Tracking Apples Accurately
Size Matters
The difference between small (77 cal) and large (116 cal) is significant over time. When possible:
- Weigh your apple
- Use size-specific entries in your tracking app
- When in doubt, round up
With or Without Skin
Apple macros assume eating the whole apple including skin. The skin contains most of the fiber. Peeled apples have slightly fewer calories but less fiber.
Cooked Apples
Cooking doesn’t significantly change macros, but baked apples often include:
- Butter (+100 cal per tbsp)
- Sugar (+50 cal per tbsp)
- Oat topping (+200+ cal)
Track additions separately.
Apple Storage Tips
Room Temperature
- 1-2 weeks for most varieties
- Ripen faster at room temp
Refrigerator
- 4-6 weeks
- Best for long-term storage
- Crisper drawer ideal
Cut Apples
- Toss with lemon juice to prevent browning
- Refrigerate: 3-5 days
- Airtight container
Common Apple Questions
Do Apples Spike Blood Sugar?
Whole apples have a moderate glycemic index (around 36). The fiber slows sugar absorption, preventing major spikes. This is very different from apple juice (GI ~44) which lacks fiber.
Are Organic Apples More Nutritious?
Macros are identical. Organic refers to farming practices, not nutrition. Choose based on budget and preference.
Should I Eat Apple Skin?
Yes. The skin contains:
- Most of the fiber
- Many antioxidants
- Adds texture and satisfaction
Only skip skin if you have specific digestive issues.
When Is the Best Time to Eat an Apple?
For macros, timing doesn’t matter. For practical purposes:
- Pre-workout: 30-60 minutes before (quick carbs)
- Between meals: Satisfies hunger
- Dessert replacement: Satisfies sweet tooth
Can Apples Help Me Lose Weight?
Research suggests yes. Studies show eating an apple before meals reduces total calorie intake. The fiber and water fill you up, and the act of chewing slows eating.
Final Thoughts
Apples are a macro-tracker’s friend:
- Predictable nutrition (~95 cal per medium)
- Filling fiber (4.4g)
- Satisfies sweet cravings
- Zero prep, totally portable
- Works for most diets (except strict keto)

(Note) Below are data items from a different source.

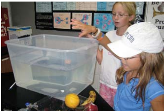
Students explore items that sink or float.

that were sparked by their explorations. The following questions are examples of what students have pursued: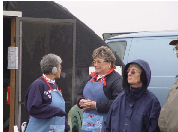
Taking a break from the concession tent to watch all the exciting action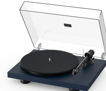
Satin Steel Blue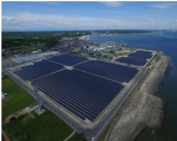
[Chita Mihama Solar Power Plant]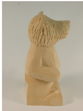
Bear 17 Finish texturing and round feet/shoes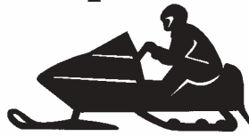
SNOWMOBILE 4 1/2" - $25.00 7" - $35.00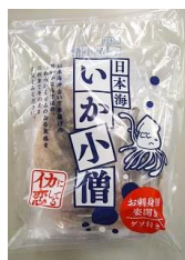
Squid Boy from sea of Japan (Figure) 10pcs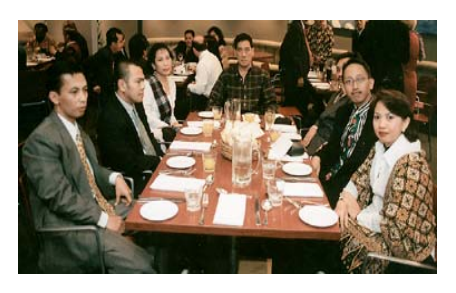
Welcome Dinner for Indonesians 2001

The first workshop was held for 15 Indonesian officials in April -July 2001. The second workshop is taking place from April to June 2002, for 19 Indonesian government officials. In addition to a number of external experts engaged specifically for the workshops many lecturers from within the Faculty have been involved in the delivery of the workshops and seminars.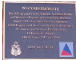
T11374 Acacia karoo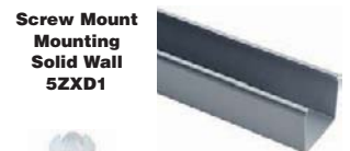
Screw Mounting Solid Wall 5ZXD1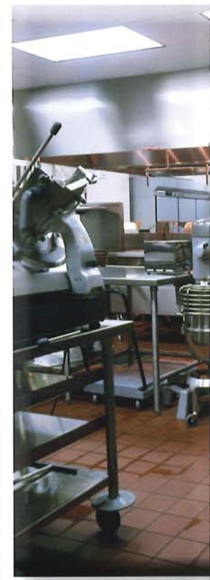
Baptist Memorial Hospital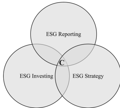
Figure 1: ESG Convergence (own illustration)

In an ideal world , the market participants of the ESG ecosystem would collaborate as outlined below in the joint pursuit to maximize the Convergence of ESG ('C') in the illustration above. The following abstract briefly explains the (ideal) role of every participant in the ESG ecosystem and highlights their respective demand and supply side as well as their core activities for ESG integration.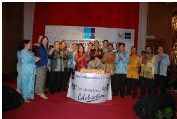
Celebrating 40 years of MIA in Negeri di Bawah Bayu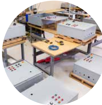
A Thriving Company in a Dynamic Industry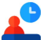
Time Management With Microsoft Outlook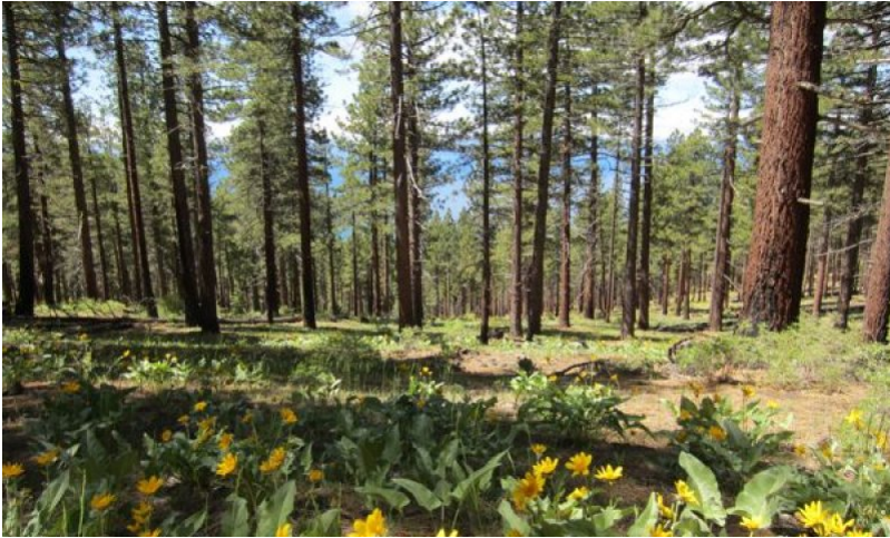
Figure 7. Community Phase 1.3

This forest community phase develops with the natural fire regime, or with manual thinning and prescribed fires. Low to moderate intensity fire clears the understory and removes fuel before it reaches hazardous levels, although severe high intensity canopy fires are also possible. If Jeffrey pine and sugar pine established during stand initiation they will have a fair percentage of cover in the upper canopy, but Jeffrey pine and sugar pine will have difficulty regenerating and growing well in the understory of the canopy. Their growth and presence is dependent upon fire or other disturbances to maintain an open canopy forest structure. The young forest community phase is a heavily managed forest. Manual thinning and prescribed burns reduce the white fir component, reduce fuel loads, and create canopy openings in the forest. Natural fires are, for the most part, quickly extinguished in this forest because of its proximity to urban areas.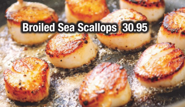
Broiled Sea Scallops 30.95

With lemon butter sauce on a bed of rice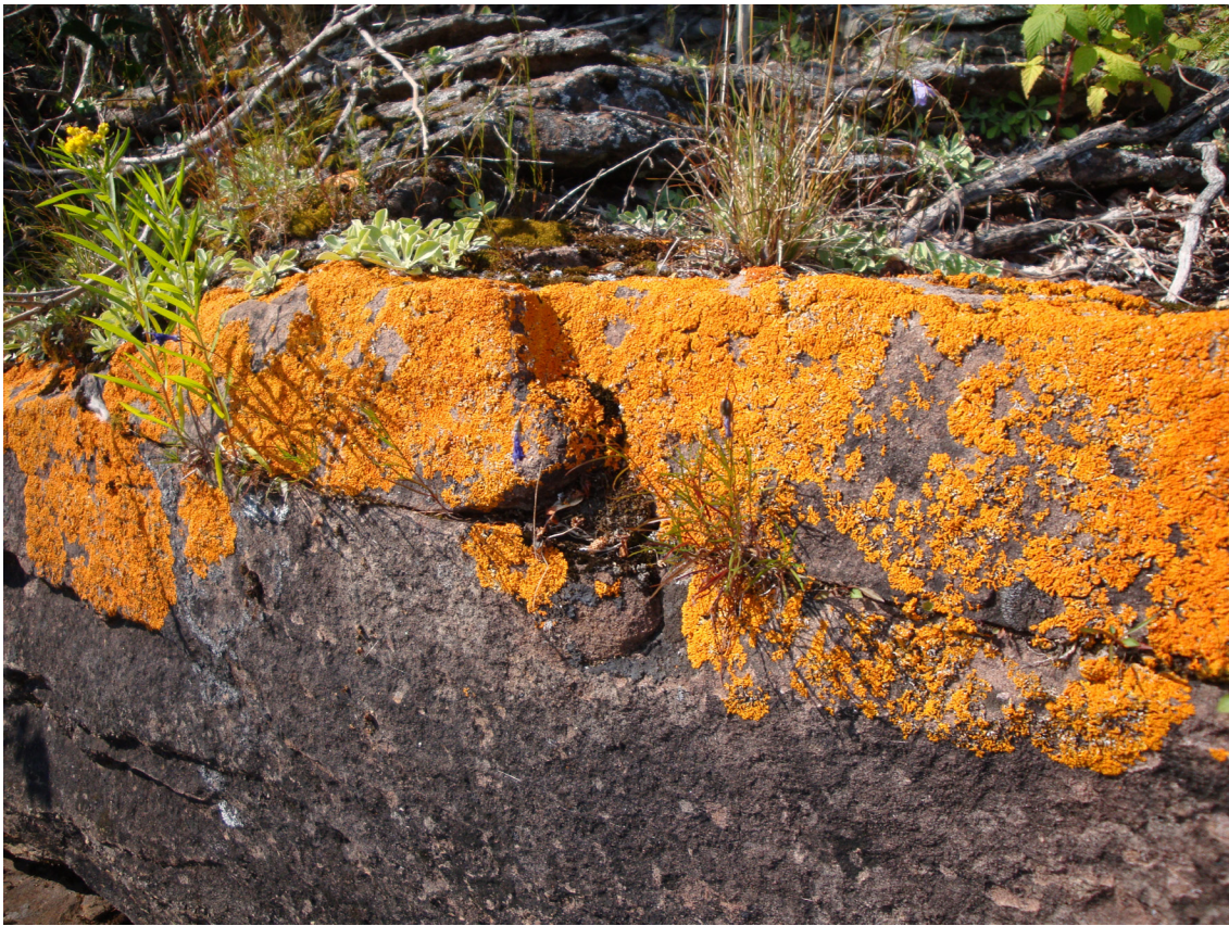
Non-vascular flora, lichens, mosses, and liverworts, are often common along the exposed cliff face while vascular plants are typically sparse and restricted to crevices and ledges.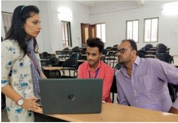
Parents were briefed about their wards' performance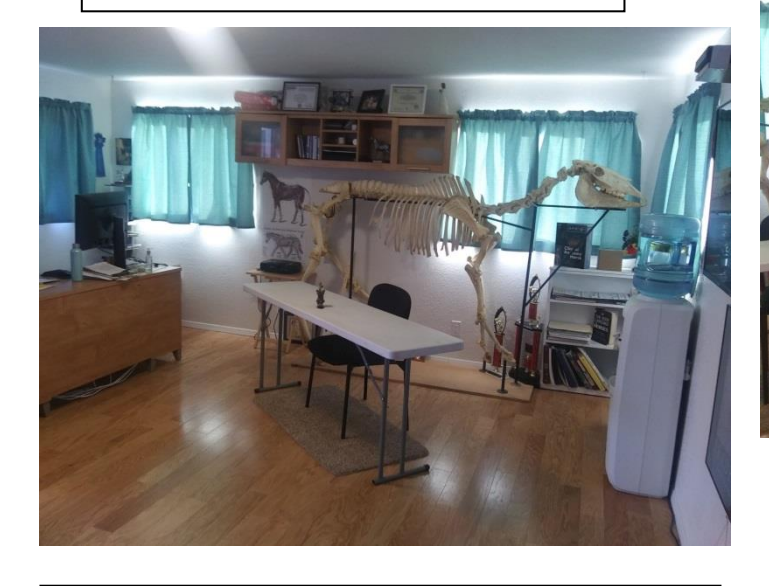
TV for viewing videos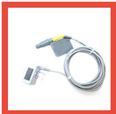
External Sidestream ETCO2 Module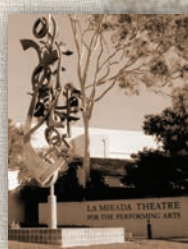
La Mirada Theatre for the Performing Arts 14900 La Mirada Boulevard

The award-winning La Mirada Theatre for the Performing Arts has served the region's cultural needs since 1977.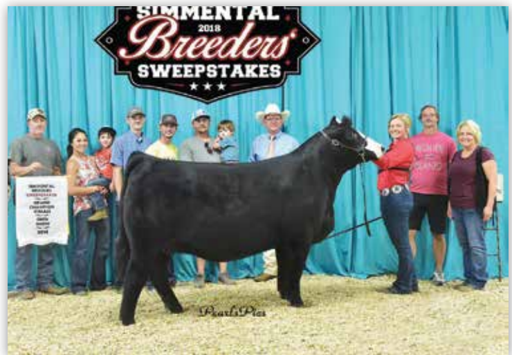
HPF VICTORIA B396E GRANDDAM OF LOT 1

PE from 1/17/25 to 3/17/25 to WHF Lover Boy K003 consignor Boyd Farm

The main tracking consideration is size—large apples have 50% more calories than small ones. When in doubt, weigh it. Otherwise, grab an apple confidently knowing it’s one of the easiest, healthiest snacks to fit into any macro plan.
Note: Nutrition values are approximate and may vary based on preparation method and source.